Cost-effective workflows based on customer risk

A customer’s risk rating should not only determine the frequency at which you rescreen them but also inform which pKYC workflow you run them through. For example, for a high-risk customer, you may use an evaluation schedule that checks them more frequently and uses more data sources than you would for a low-risk customer.
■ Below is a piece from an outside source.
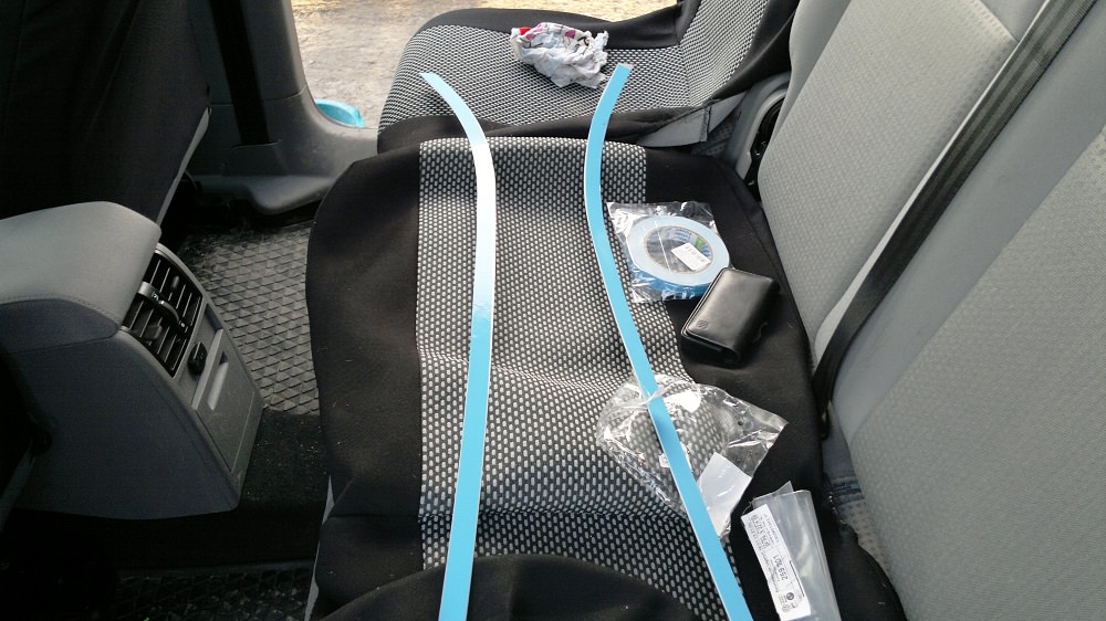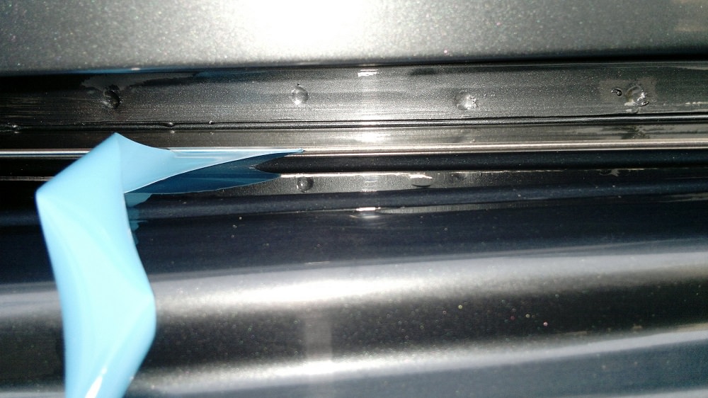 Далее наклейте скотч на накладку. Накладку (саблю) устанавливать лучше вдвоём, так как она довольно гибкая (а в случае с Transporter она еще и длинная) и норовит приклеиться раньше времени. Аккуратно, без спешки, потренируйтесь устанавливать накладку пока скотч ещё на подложке или еще нет герметика.

Access to over 250 data solutions with a single API

As part of due diligence, financial institutions and fintechs will typically reach out to several different data sources to validate that a customer is in good standing. It can be manually intensive and costly to manage disparate systems and combine a number of different data sources. With Alloy’s single API, clients can access over 250 global data solutions with coverage spanning 195 markets.

Synthesized risk signals from onboarding and ongoing

Alloy allows you to look at a customer’s holistic risk profile across the entire customer lifecycle. Tap into unique insights across onboarding, transactions, and on-platform behavioral data to identify high-risk activity in real-time. Easily combine disparate data sources such as transaction history, device data, and PII data in one place to effectively stay compliant and screen for fraud.

Automatic triggers for high-risk events

Don’t worry about looking at every transaction or customer event. Simply set up the rules and parameters, and Alloy enables automatic action when suspicious activity happens or sanctions lists update. Instead of just sending these cases through for manual review, Alloy triggers a KYC refresh or routes to step-up verification when necessary, reducing the burden on your risk teams.